→ **Task statement**
Leave out every picture and set down, exactly, the lines below from the one holding "Elevate your summer" up to and including the one holding "The effects of".

→ **Records shown**
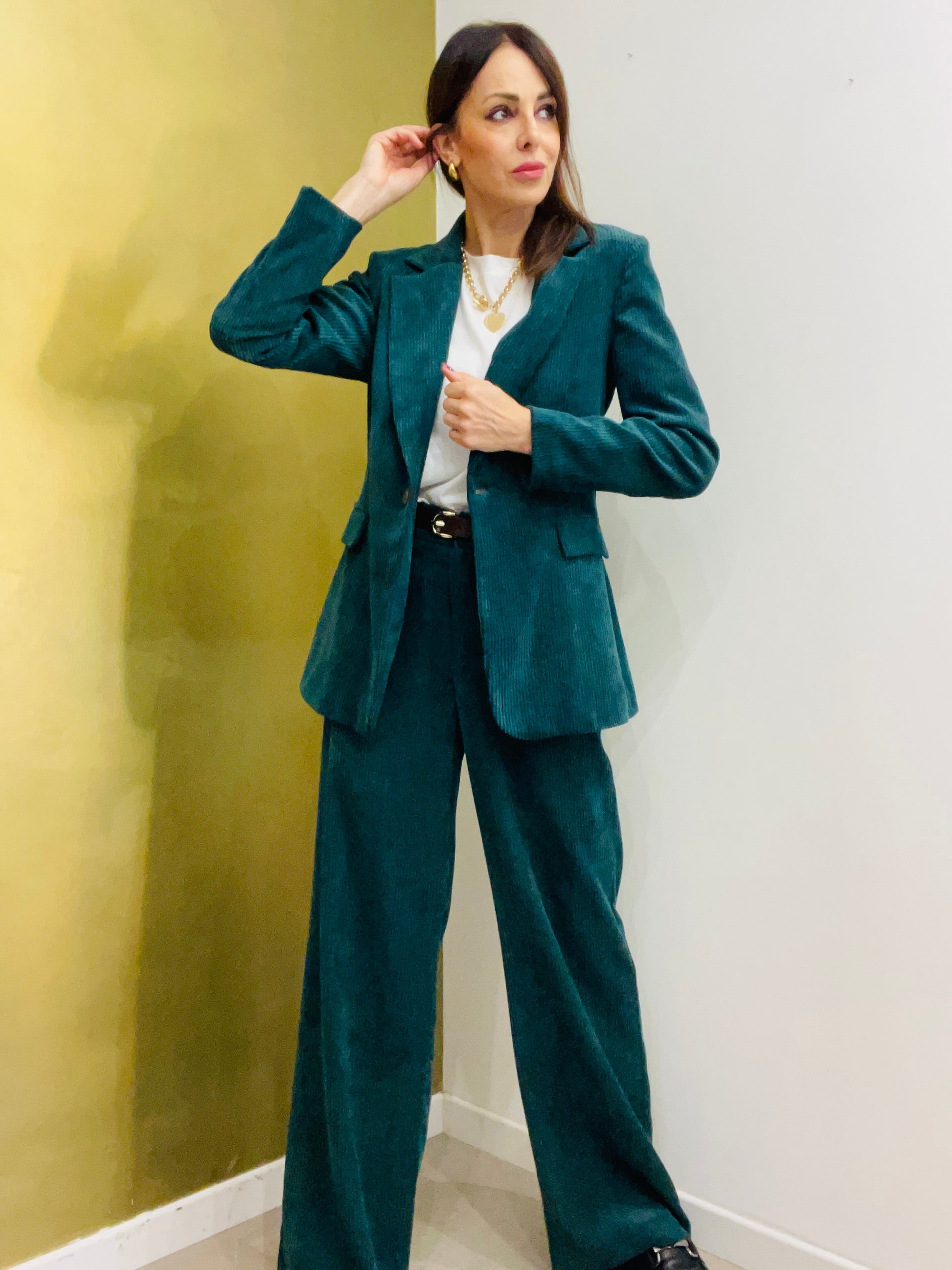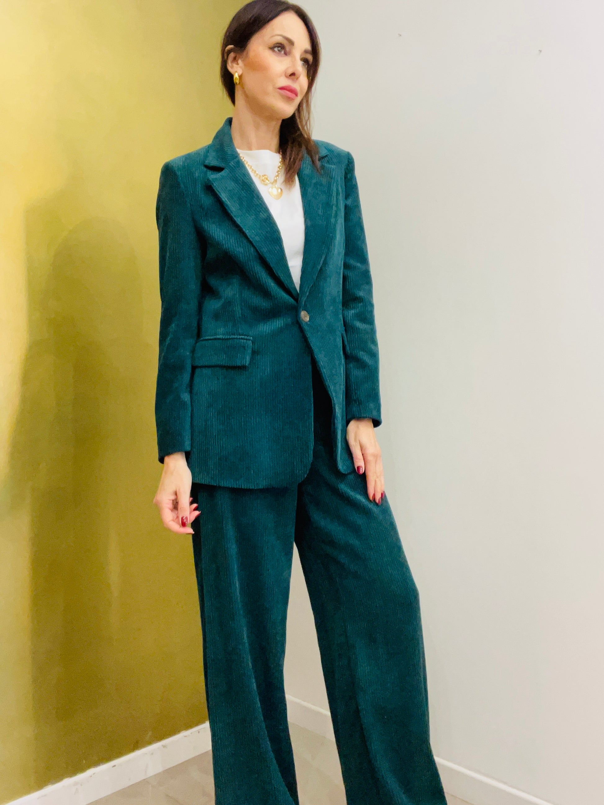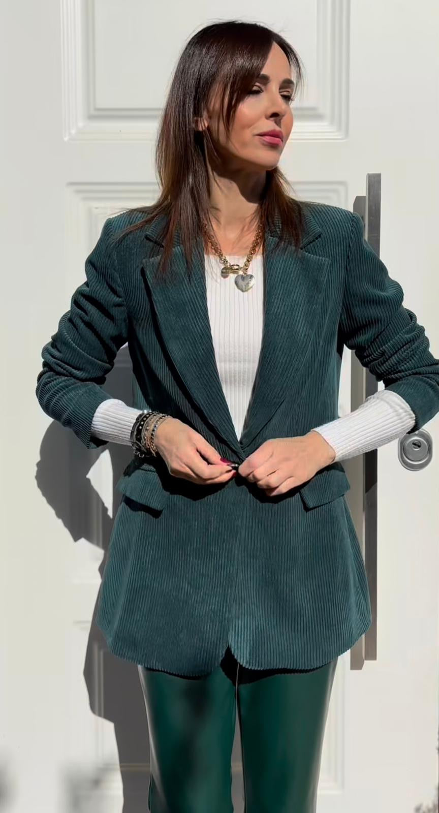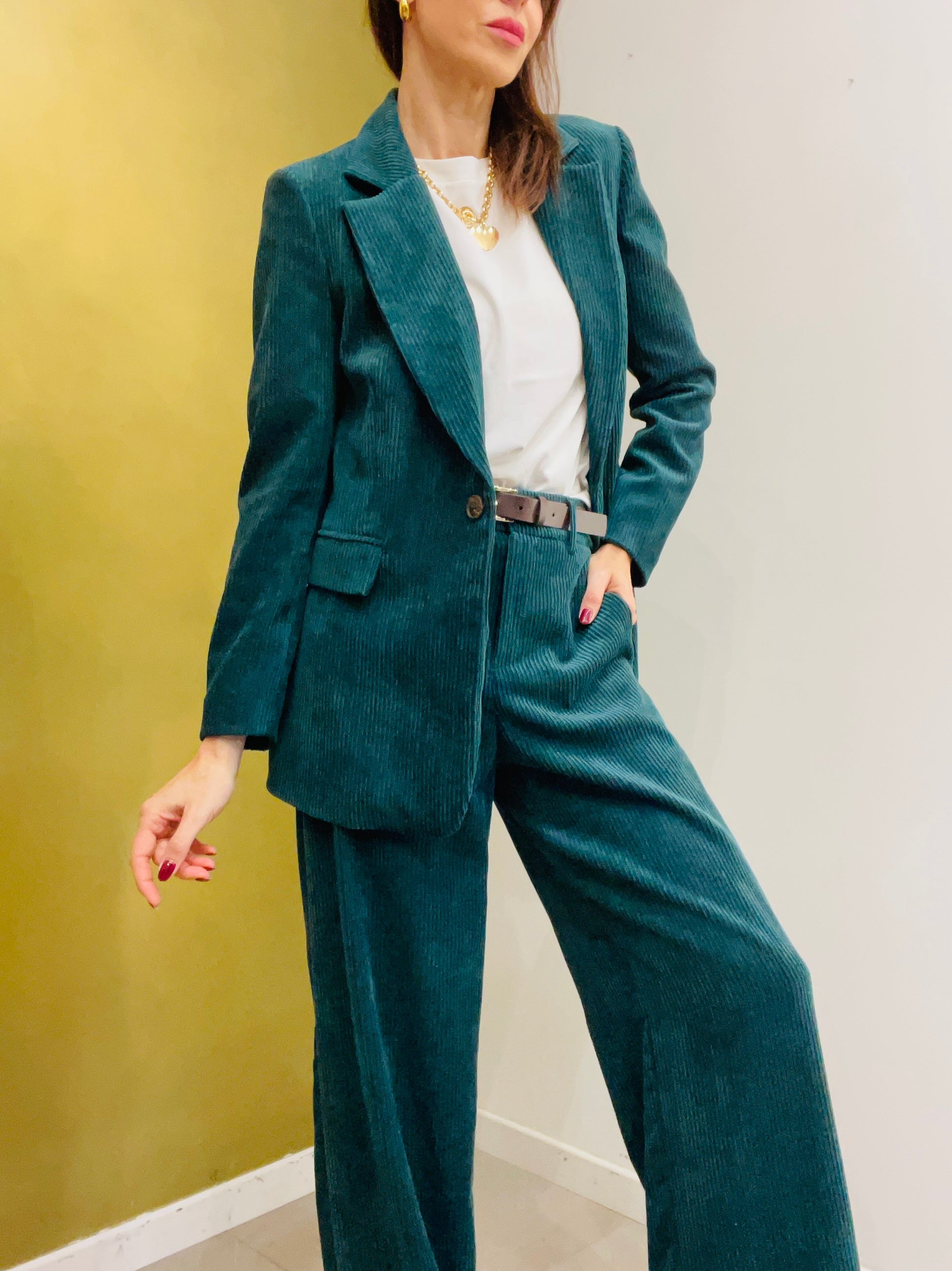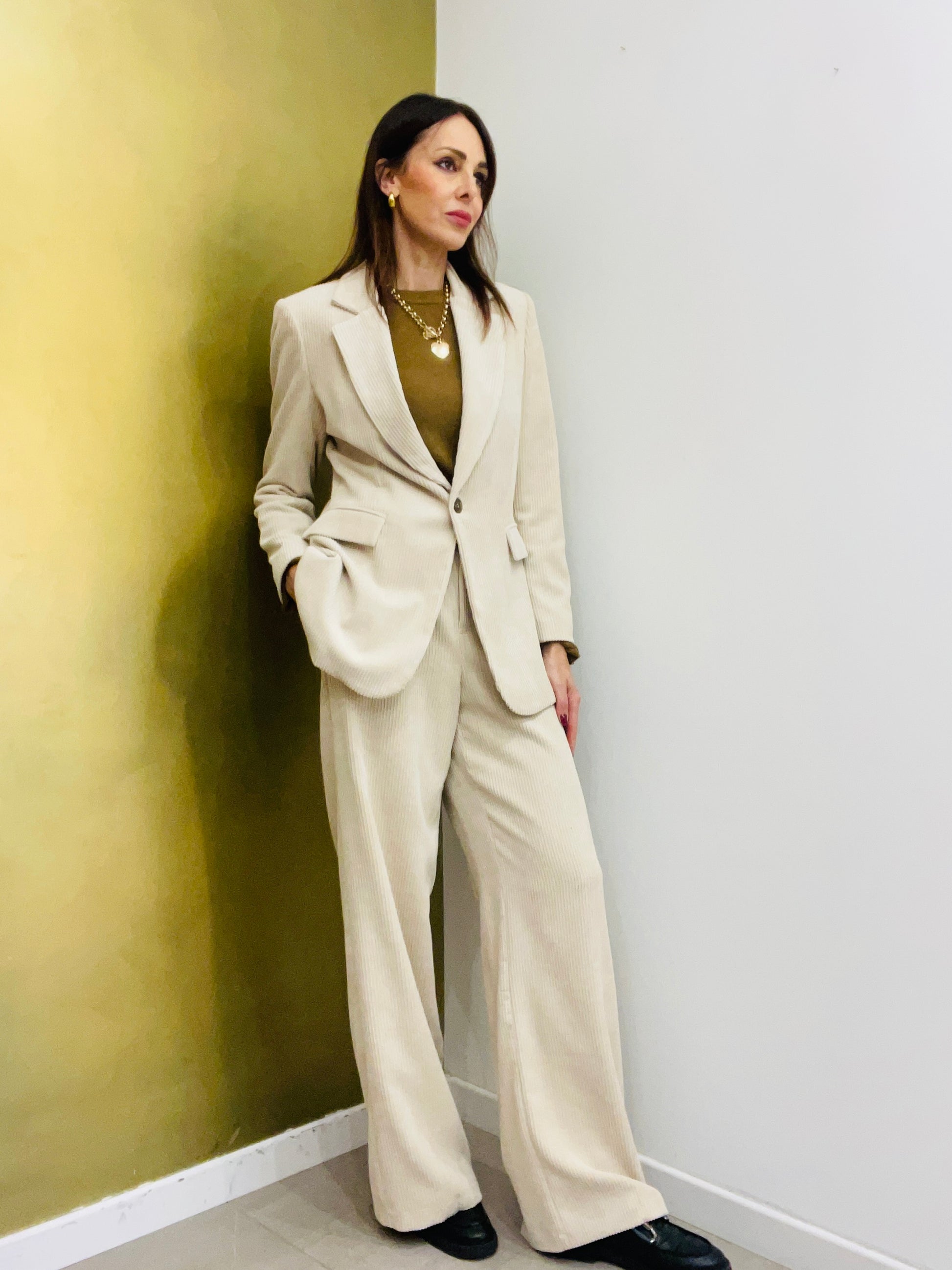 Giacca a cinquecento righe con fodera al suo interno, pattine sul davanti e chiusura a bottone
==
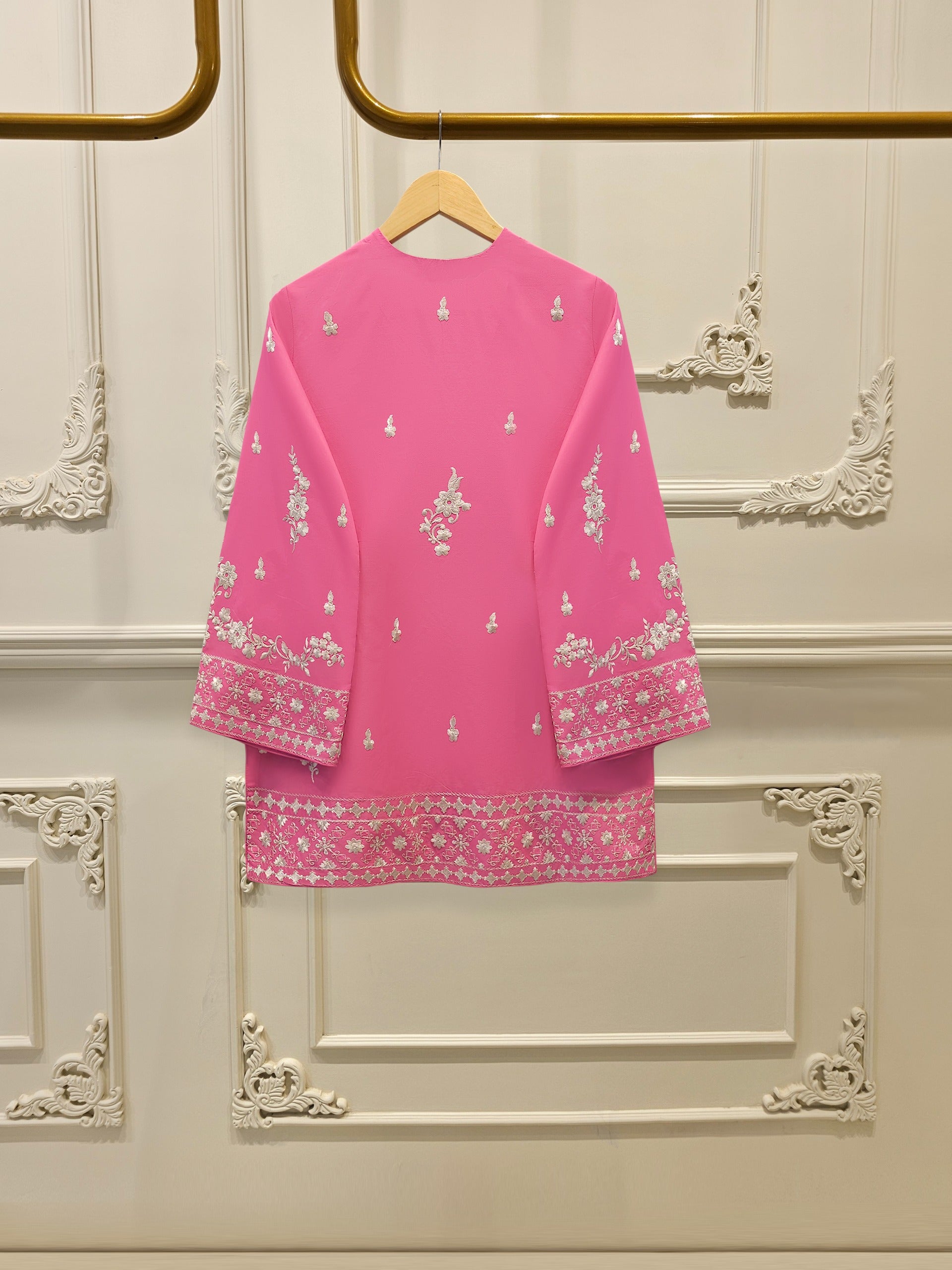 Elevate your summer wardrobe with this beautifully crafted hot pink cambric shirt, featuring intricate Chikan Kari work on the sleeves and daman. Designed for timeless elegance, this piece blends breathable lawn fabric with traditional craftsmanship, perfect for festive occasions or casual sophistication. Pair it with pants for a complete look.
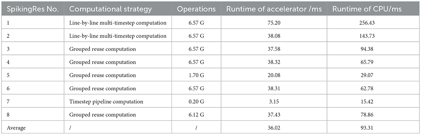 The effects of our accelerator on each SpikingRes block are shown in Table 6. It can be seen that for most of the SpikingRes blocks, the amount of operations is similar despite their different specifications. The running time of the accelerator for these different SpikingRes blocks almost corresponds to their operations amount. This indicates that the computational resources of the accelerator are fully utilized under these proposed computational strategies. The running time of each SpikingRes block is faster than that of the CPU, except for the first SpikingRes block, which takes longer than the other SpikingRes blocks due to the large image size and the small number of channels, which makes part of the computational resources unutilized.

→ **Written answer**
 Elevate your summer wardrobe with this beautifully crafted hot pink cambric shirt, featuring intricate Chikan Kari work on the sleeves and daman. Designed for timeless elegance, this piece blends breathable lawn fabric with traditional craftsmanship, perfect for festive occasions or casual sophistication. Pair it with pants for a complete look.
 The effects of our accelerator on each SpikingRes block are shown in Table 6. It can be seen that for most of the SpikingRes blocks, the amount of operations is similar despite their different specifications. The running time of the accelerator for these different SpikingRes blocks almost corresponds to their operations amount. This indicates that the computational resources of the accelerator are fully utilized under these proposed computational strategies. The running time of each SpikingRes block is faster than that of the CPU, except for the first SpikingRes block, which takes longer than the other SpikingRes blocks due to the large image size and the small number of channels, which makes part of the computational resources unutilized.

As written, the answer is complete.